START MATERIAL TO PROCESS

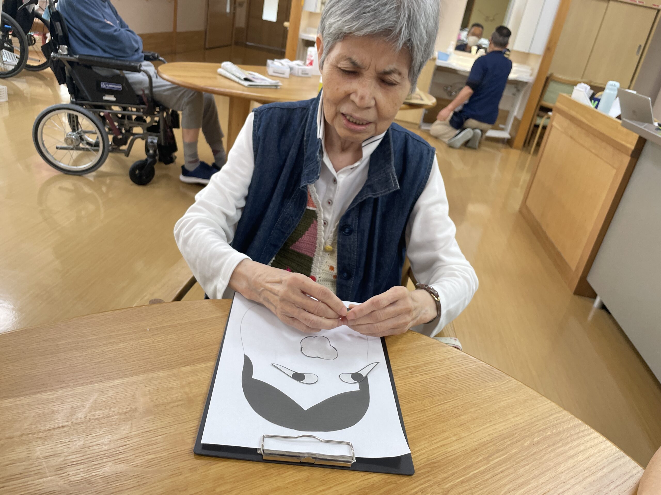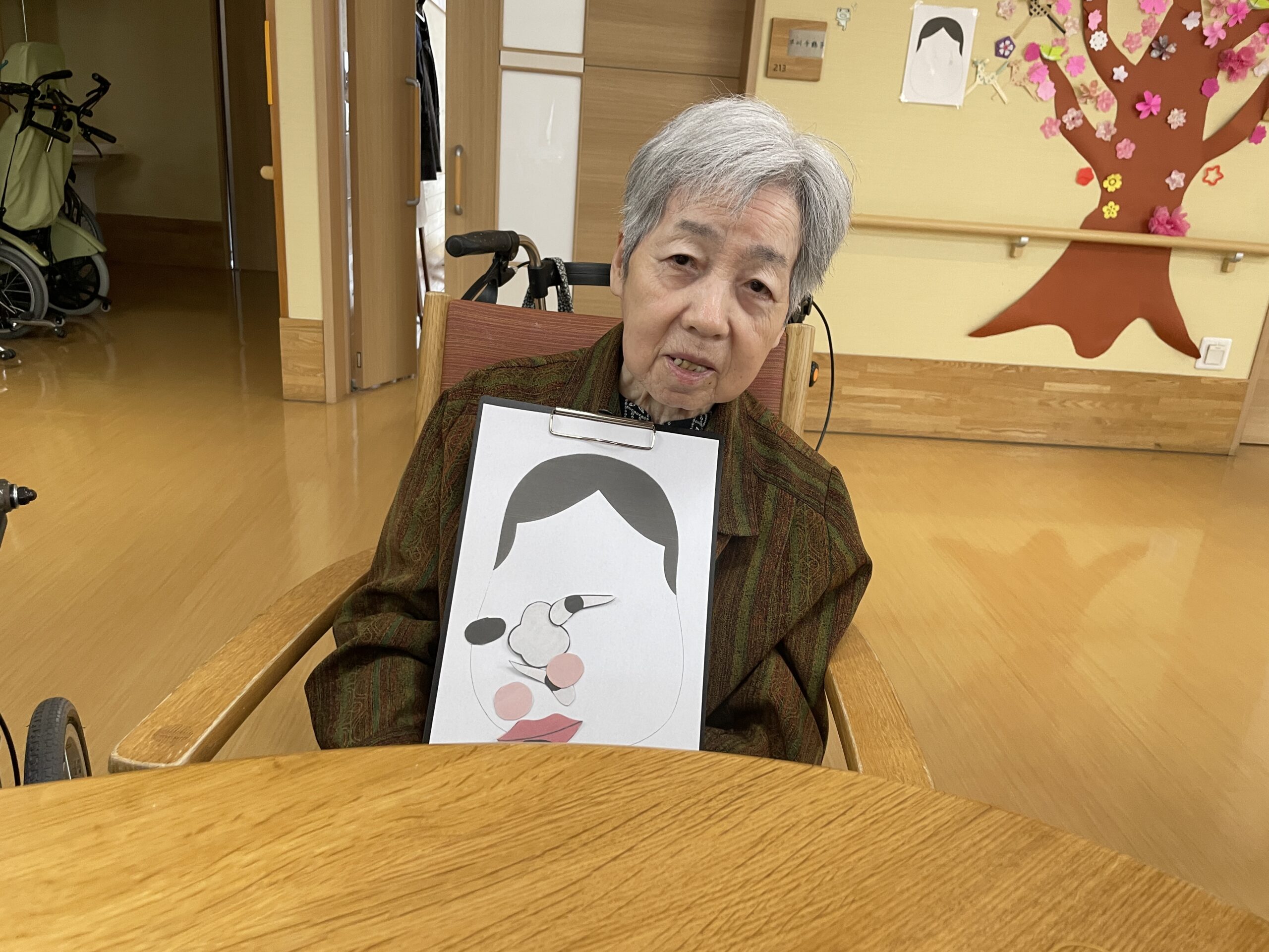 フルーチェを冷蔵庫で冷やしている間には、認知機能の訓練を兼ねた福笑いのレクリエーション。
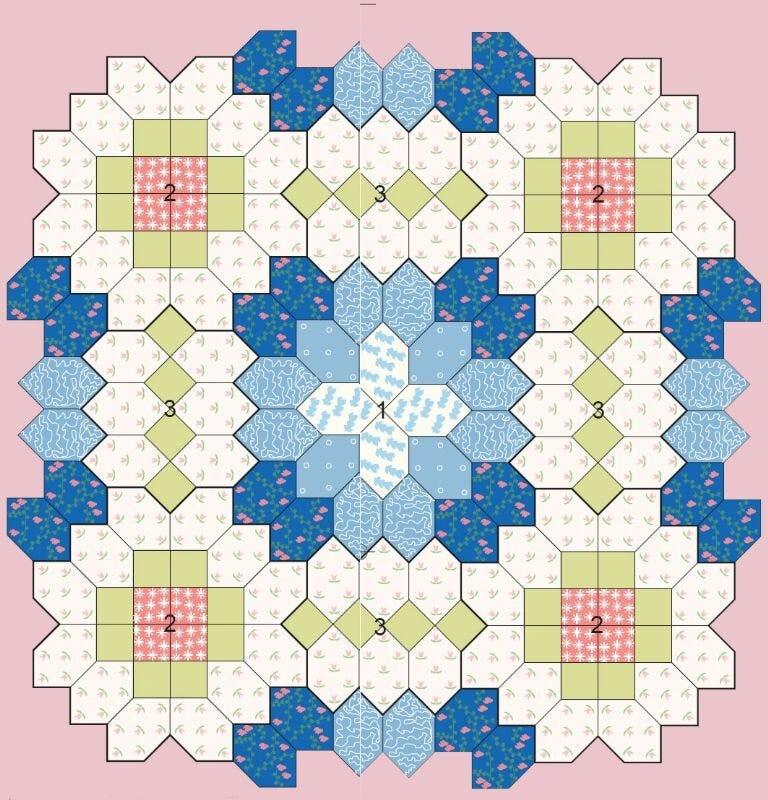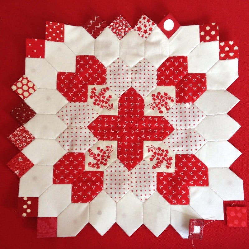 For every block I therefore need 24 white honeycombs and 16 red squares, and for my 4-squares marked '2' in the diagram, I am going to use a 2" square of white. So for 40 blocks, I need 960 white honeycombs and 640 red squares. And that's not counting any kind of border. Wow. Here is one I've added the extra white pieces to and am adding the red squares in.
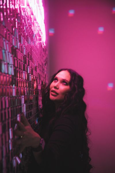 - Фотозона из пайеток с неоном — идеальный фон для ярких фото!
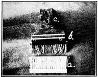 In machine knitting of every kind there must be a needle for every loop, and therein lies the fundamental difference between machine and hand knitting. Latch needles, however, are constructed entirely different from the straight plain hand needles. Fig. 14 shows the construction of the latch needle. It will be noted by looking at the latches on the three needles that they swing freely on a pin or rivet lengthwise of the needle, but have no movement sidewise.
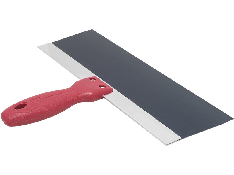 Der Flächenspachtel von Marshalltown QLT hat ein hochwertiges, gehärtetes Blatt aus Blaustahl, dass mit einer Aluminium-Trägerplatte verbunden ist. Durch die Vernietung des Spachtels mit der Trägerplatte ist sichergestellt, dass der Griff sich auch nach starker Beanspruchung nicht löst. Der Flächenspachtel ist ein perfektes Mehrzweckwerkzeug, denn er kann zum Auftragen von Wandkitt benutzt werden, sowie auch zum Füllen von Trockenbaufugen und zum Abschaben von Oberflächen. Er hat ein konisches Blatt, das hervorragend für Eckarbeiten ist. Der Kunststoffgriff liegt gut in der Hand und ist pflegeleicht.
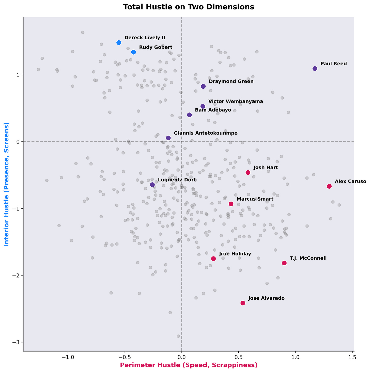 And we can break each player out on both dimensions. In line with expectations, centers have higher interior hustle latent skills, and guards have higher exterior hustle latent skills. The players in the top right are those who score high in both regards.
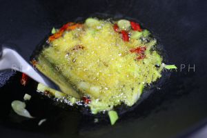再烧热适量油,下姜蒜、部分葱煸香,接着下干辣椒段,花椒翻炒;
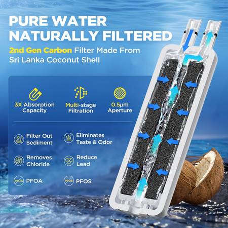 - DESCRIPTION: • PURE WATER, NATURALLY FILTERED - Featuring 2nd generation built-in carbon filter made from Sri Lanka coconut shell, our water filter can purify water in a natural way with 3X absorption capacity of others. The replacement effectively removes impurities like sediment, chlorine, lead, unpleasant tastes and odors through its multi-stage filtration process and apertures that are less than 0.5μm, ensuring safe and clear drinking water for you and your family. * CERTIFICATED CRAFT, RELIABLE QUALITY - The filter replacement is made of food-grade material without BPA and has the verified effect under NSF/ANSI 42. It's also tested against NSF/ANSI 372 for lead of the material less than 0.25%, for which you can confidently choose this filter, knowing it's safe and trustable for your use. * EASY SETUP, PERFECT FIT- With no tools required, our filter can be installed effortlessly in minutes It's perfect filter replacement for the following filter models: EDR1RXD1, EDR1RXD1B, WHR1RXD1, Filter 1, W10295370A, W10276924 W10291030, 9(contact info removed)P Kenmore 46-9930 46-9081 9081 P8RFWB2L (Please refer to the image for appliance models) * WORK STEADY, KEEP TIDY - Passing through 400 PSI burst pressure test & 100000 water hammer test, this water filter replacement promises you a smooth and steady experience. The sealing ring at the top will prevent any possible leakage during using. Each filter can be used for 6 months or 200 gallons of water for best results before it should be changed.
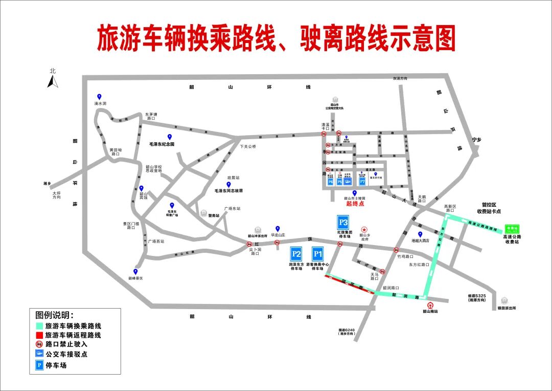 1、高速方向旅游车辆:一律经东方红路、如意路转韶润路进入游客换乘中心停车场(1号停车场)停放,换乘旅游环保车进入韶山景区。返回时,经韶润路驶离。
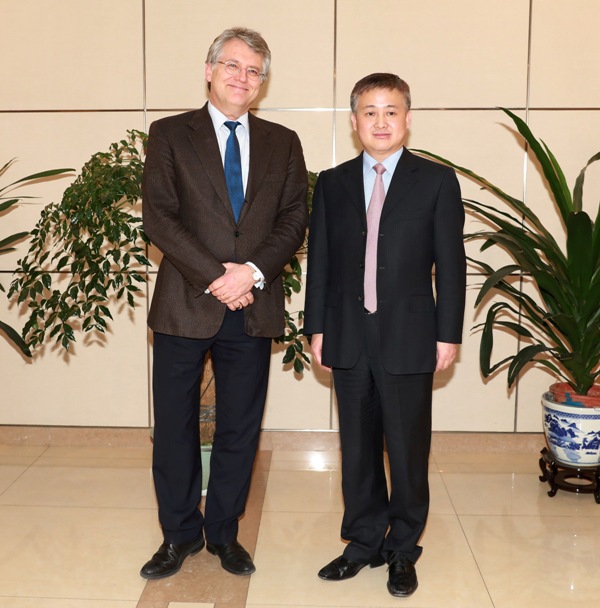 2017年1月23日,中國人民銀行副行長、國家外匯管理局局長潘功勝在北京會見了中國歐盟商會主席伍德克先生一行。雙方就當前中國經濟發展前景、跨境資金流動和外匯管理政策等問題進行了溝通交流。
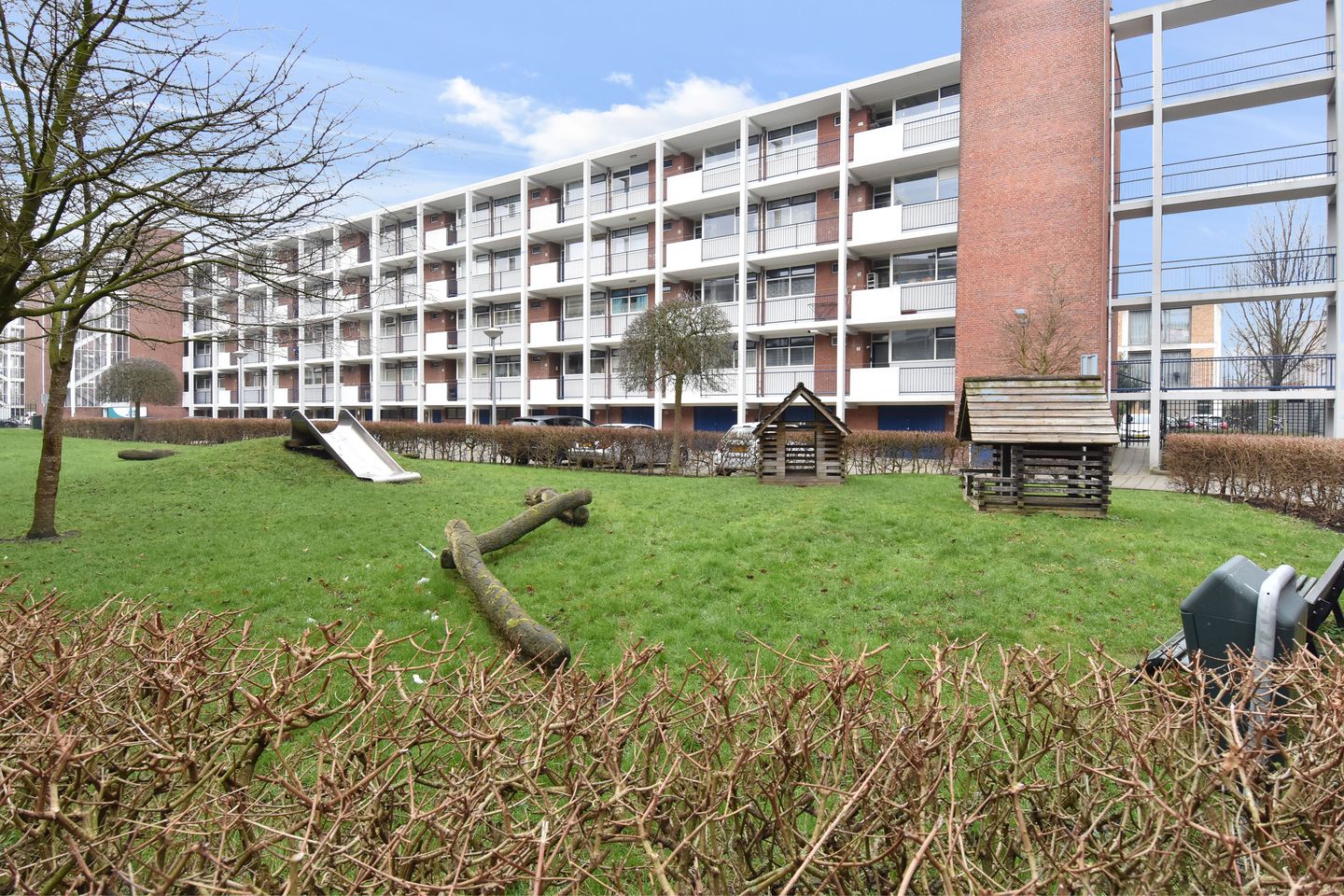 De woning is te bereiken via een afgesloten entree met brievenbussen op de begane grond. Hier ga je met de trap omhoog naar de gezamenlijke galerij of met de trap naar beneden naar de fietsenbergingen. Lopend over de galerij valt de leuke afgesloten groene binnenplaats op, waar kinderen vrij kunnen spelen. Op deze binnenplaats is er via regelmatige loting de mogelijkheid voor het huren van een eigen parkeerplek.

END MATERIAL TO PROCESS

- [BRIEF]: Going by the data above, the answer is exactly the lines from the one holding "In machine knitting" to the one holding "Der Flächenspachtel von", both kept, with the pictures left out.

- [RESULT BELOW]:
 In machine knitting of every kind there must be a needle for every loop, and therein lies the fundamental difference between machine and hand knitting. Latch needles, however, are constructed entirely different from the straight plain hand needles. Fig. 14 shows the construction of the latch needle. It will be noted by looking at the latches on the three needles that they swing freely on a pin or rivet lengthwise of the needle, but have no movement sidewise.
 Der Flächenspachtel von Marshalltown QLT hat ein hochwertiges, gehärtetes Blatt aus Blaustahl, dass mit einer Aluminium-Trägerplatte verbunden ist. Durch die Vernietung des Spachtels mit der Trägerplatte ist sichergestellt, dass der Griff sich auch nach starker Beanspruchung nicht löst. Der Flächenspachtel ist ein perfektes Mehrzweckwerkzeug, denn er kann zum Auftragen von Wandkitt benutzt werden, sowie auch zum Füllen von Trockenbaufugen und zum Abschaben von Oberflächen. Er hat ein konisches Blatt, das hervorragend für Eckarbeiten ist. Der Kunststoffgriff liegt gut in der Hand und ist pflegeleicht.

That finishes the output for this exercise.